平良いずみさん(OTV沖縄テレビ) 平良いずみさん(OTV沖縄テレビ)

 大切な我が子にPFASが混入している水を飲ませていたことを知ったときの驚きと悔しさ、怒りはどれほどだったでしょうか。『水どぅ宝』の中には「自分たちが状況を変えていかなければ、子どもを守ることができない」という切迫した思いから市民運動を始める母親たちの姿が描かれますが、その思いは子育ての"当事者"の一人である平良さんご自身のものでもあります。

子どもたちが日常の中で感じていること

 また同じ対談で、2015年にNHKスペシャル『沖縄戦全記録』(日本新聞協会賞、ギャラクシー奨励賞受賞)を制作した西銘むつみさんは普段の生活の中でお子さんが次のようなことを言うのを聞いたといいます。

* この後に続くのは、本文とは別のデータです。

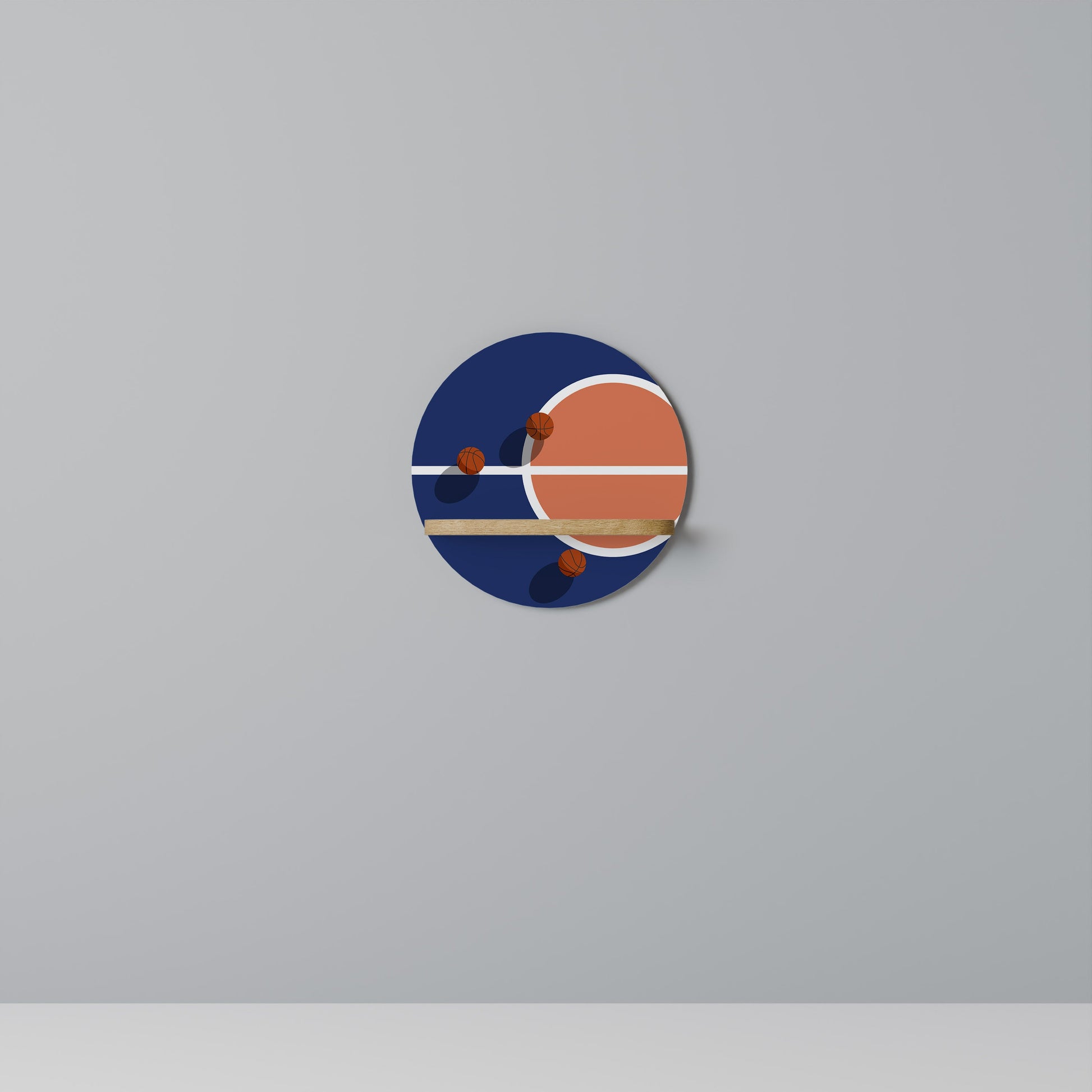 BASKETBALL CHALLENGE Round Art Shelf In Oak Effect

西銘長男が中学生だったのかな、野球部の練習が終わって着替えるときに「沖縄って基地があるから攻撃されるのかな。」野球ばっかりやっている子どもたちが、普通にそんな話をして、「お母さん、俺たち徴兵されるの?」とか言うんですよ。そういう感覚がわかるのが、記者にとってありがたいというか、子どもを見ることで自分がどんな言葉で報じていけばいいのかっていうことをすごく教えてもらえます。

 

西銘むつみさん(NHK沖縄放送局) 西銘むつみさん(NHK沖縄放送局)

 西銘さんは、ご自身の息子さんが戦争の影を不安に感じながら学校生活を送っていることを知って「自分がどんな言葉で報じていけばいいのか」教えてもらえたといいます。それは、どれだけ沖縄戦の教訓を伝えても、自分の子どもが感じている戦争の不安を払拭させることができない現実を突きつけられた瞬間だったのかもしれません。しかし、無力感や絶望にさいなまれる暇はないというように、西銘さんは「では、次にどう伝えたらいいのか」考える契機としてとらえ、きっかけを与えてくれた子どもの存在をありがたいと感じています。
 お二人の対談から、幼い子どもを健康に育てることや、子どもが安心して暮らすことさえままならない現実が沖縄にあることに思い至ります。それと同時に容易ではないけれど、これからを生きる子どもたちのために現実をよりよいものに変えていかなくてはというジャーナリストとしての気概を強く感じます。それは大上段からもの申すというより、当たり前の生活実感を大切にし、「おかしい」と思うことにちゃんと反応する姿勢から来るように思えました。

呼びかけにちゃんと応える

 私たちはともすると自分から距離のある物事に無関心でいたり、冷淡な態度を示したりしてしまいがちです。沖縄で起きていることをメディアが十分伝えない以上、本土に暮らす人々が「自分には関係ない」と思ってしまうのもある程度やむをえないことなのかもしれません。
 しかし、PFASによる水汚染は青森の三沢や山口の岩国、神奈川の厚木、横須賀、東京の横田周辺など広い地域で確認されています。ロシアによるウクライナ侵攻や台湾危機を受けて、日本の安全保障政策は十分な議論を経ずに大きく方針転換し、日々のニュースに接する私の子どもたちも戦争への不安を感じるようになっています。沖縄の出来事は、時間差をおいてこの国で暮らす人の身に等しく降りかかっていることに気づく必要があります。
 「自分や身近な子どもが沖縄にいたら」と想像し、自分にできる範囲で呼応することが、子どもたちの未来を預かる大人に求められています。本土に暮らす人々が「復帰」51年目に沖縄のことを知り、考え、行動することは、自分自身や自分の大切な人の未来を考えることにもつながっているのだと思います。